2025.5.22 |
株式会社福井銀行
公金業務のデジタル化により「処理済み通知書の現物を返却しない運用」を日本で初めて実現
運用フローに「fi-8150」と「DynaEye 11」を組み込み自治体の多様なニーズに対応

業務支援グループ 業務支援チーム 事務ゼロ推進課の伊井隆詞さん(右)と大綱一恵さん。
株式会社福井銀行(福井県福井市)では、福井県内の17自治体の協力を得て、日本の金融機関で初めて「納付書や領収済通知書の現物を自治体に返却しない公金業務」を実現しました。これは帳票のイメージデータを自治体と共有するクラウドベースのサービスを活用したもので、サービスの一部フローには「RICOH fi Series」(以下、fiシリーズ)とAI-OCRソフトウェア「DynaEye」が導入され、重要な役割を担っています。
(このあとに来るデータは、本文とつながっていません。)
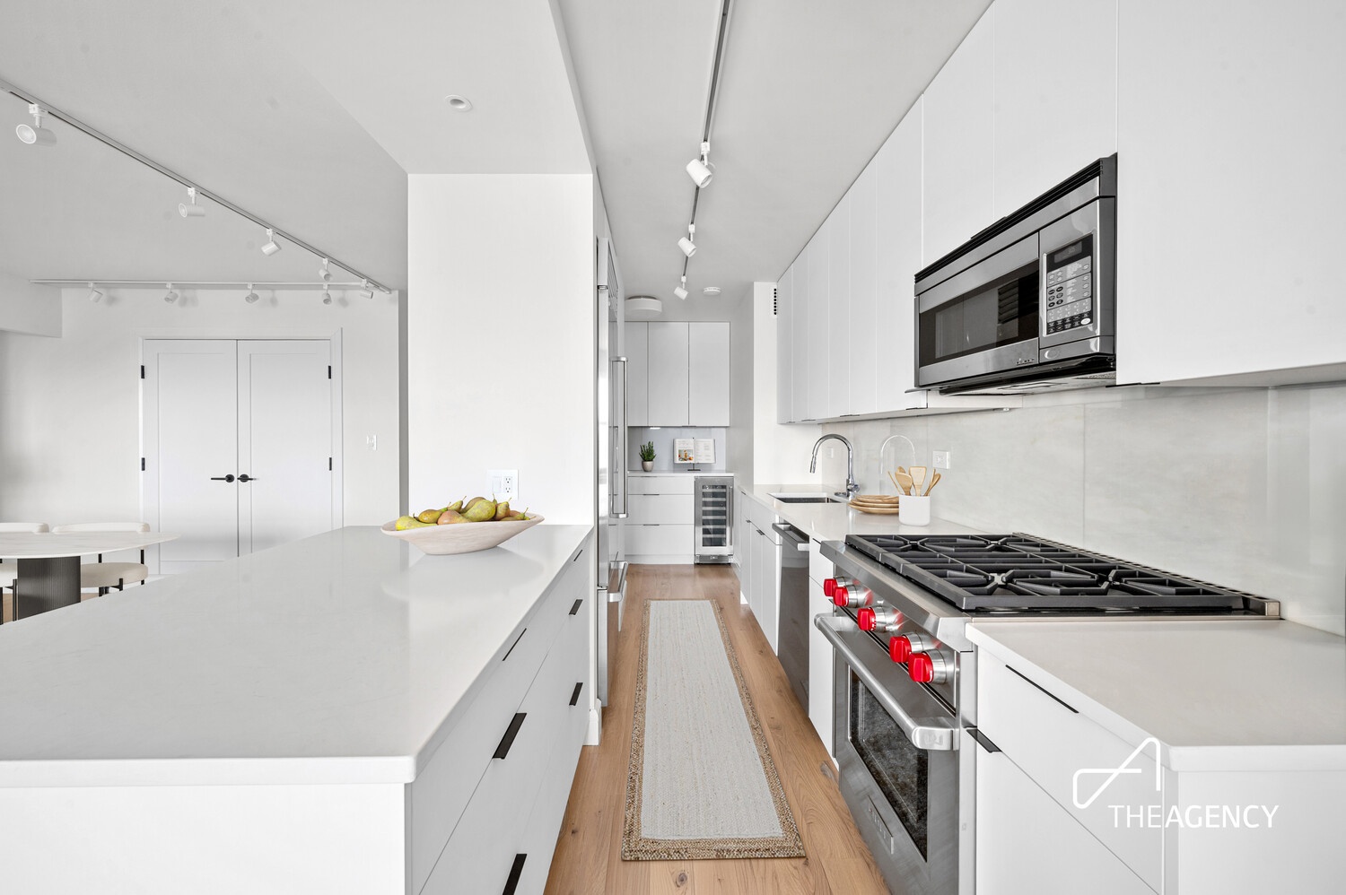 Positioned on a high floor, the apartment is filled with natural light and offers stunning sunset views. The layout is both functional and inviting, featuring a large living room with a dedicated dining alcove and a seamless flow into the open kitchen. Designed with both style and practicality in mind, the kitchen is equipped with Sub Zero and Wolf appliances, a Bosch dishwasher, and elegant finishes. Both bathrooms have been tastefully renovated with a timeless aesthetic, and hardwood floors run throughout the home. Generous closet space adds to the overall ease and everyday livability. The king sized primary suite offers excellent storage and a private en suite bath, while the second bedroom is spacious and versatile.

福井市内にある福井銀行事務センターを訪ね、サービスの全体像と「fiシリーズ」「DynaEye」が果たす役割を詳しくうかがいました。
株式会社福井銀行
業種:金融
本支店91店舗・出張所7店舗/合計98店舗(2024年3月31日現在)
- 課題
- 新サービスの運用開始に伴い、一部の自治体から、より高解像度でスキャンしたイメージデータの納品やデータ集計作業の支援といった追加要望を受け、解決法を探していた。
- 解決法
- 高解像度スキャンに「fi-8150」、集計のためのOCR処理に「DynaEye 11」を活用したフローを構築し、新サービスの運用に追加。
- 効果
- 解像度と集計表の課題が解決したことで、該当自治体を含めて福井県内17自治体のサービス利用が実現(2025年2月時点)。帳票輸送コストの削減や自治体の業務効率化も果たされている。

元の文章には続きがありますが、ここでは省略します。